Studio album by Kyu Sakamoto
- Released: 1963
- Recorded: Tokyo
- Genre: Kayokyoku, vocal
- Label: Capitol

= Sukiyaki and Other Japanese Hits =

Sukiyaki and Other Japanese Hits is an album by Japanese singer Kyu Sakamoto released in 1963 in the United States by Capitol Records. All of the songs on the album are performed in Japanese and feature the title track, a #1 hit in the U.S. for three weeks in 1963, and peaking at #6 in the UK when issued by EMI on its His Master's Voice label. The 'b'-side, "Anoko No Namaewa Nantenkana", and a cover of "Good Timin'", a hit in 1960 for R&B singer Jimmy Jones, in both the US and the UK.

The album is subtitled 坂本九の唄う日本のヒット歌集 (Sakamoto Kyu no Utau Nihon no Hitto Kashuu, lit. 'A Collection of Japanese Hit Songs Sung by Kyu Sakamoto').

The album was part of the "Capitol of the World" series. The album was originally released in mono, along with a duophonic (electronic stereo) version by Capitol Records, this being the singer's only full-length album in the West.

It was a solid success, reaching number 14 on the Billboard Top LPs Monoaural 150 chart and number 47 on the Billboard Top LPs Stereo 50 chart. It debuted at number 7 on the Variety Album Bestsellers chart and reached number 6 on that chart. It reached number 15 on the Cash Box Monoaural Top 100 albums chart, and number 25 on the Cash Box Stereo Top 50 albums chart.

Professional ratings
Review scores
| Source | Rating |
| Allmusic | Star |

==Reception==
The Billboard review of the album rated it as a Billboard pop spotlight pick. The album was also reviewed in High Fidelity, Variety and Cash Box.
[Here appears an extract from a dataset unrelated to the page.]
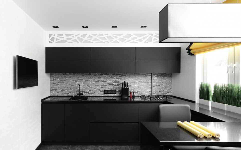 Чорний колір легко комбінується з іншими кольорами на кухні, однак не завжди гарно у ній виглядає. З особливою обережністю слід обирати чорний, коли приміщення невелике і в ньому мало денного світла. Чорний може, проте не обов’язково повинен візуально зменшити простір, правильне його застосування може дати ефект глибини і створити враження оптичного збільшення приміщення.
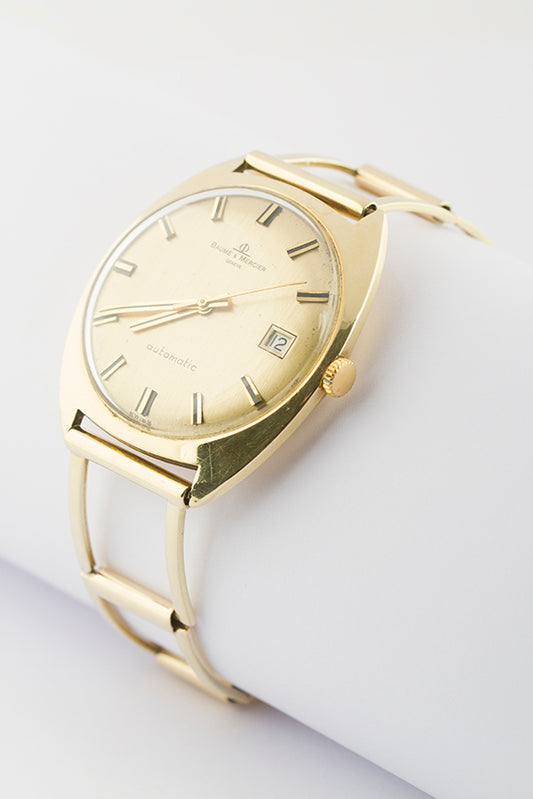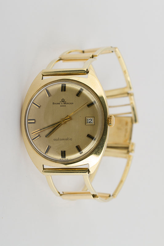 14 carat gold watch from the Baume & Mercier Automatic brand on a 14 carat gold tropical strap.

Sukiyaki . . . and other hits was reviewed in Pop Weekly.

==Track listing==
- Side one
1. Ue o muite arukō (Sukiyaki)
2. Tsun Tsun Bushi (The Tsun Tsun Song)
3. Hitoribocchi No Futari (The Lonesome Two)
4. Kyu-chan Ondo (The Kyu-Chan Folk March Song)
5. Mo Hitori No Boku (It's Just Not the Real Me)
6. Good Timin'

- Side two
7. Boku No Hoshi (My Star)
8. Kiminanka Kiminanka (I Couldn't Care for You, Not You, Not You!)
9. Kyu-chan No Zuntatatta (The Zuntatatta Song)
10. Hige No Uta (My First Whisker)
11. Goodbye, Joe
12. Anoko No Namaewa Nantenkana (I Wonder What Her Name Is)

==Personnel==
- 1-1, 1-3, 2-2, 2-4, 2-6 (Rokusuke Ei/Hachidai Nakamura); 1-2 (Kyu Sakamoto/Trad, arr Hiroaki "Tessho" Hagiwara); 1-4, 2-3 (Yukio Aoshima/Danny Iida); 1-5 (Yukio Aoshima/Hachidai Nakamura); 1-6 (Fred Tobias/Clint Ballard, Jr./Kenji Sazanami); 2-1 (Yoji Yamada/Danny Iida); 2-5 (Hans-Artur Wittstatt/Günter Loose/Norman Newell/Kenji Sazanami)
- recorded in Tokyo by Koji Kusano
- produced in the U.S.A. by Dave Dexter, Jr.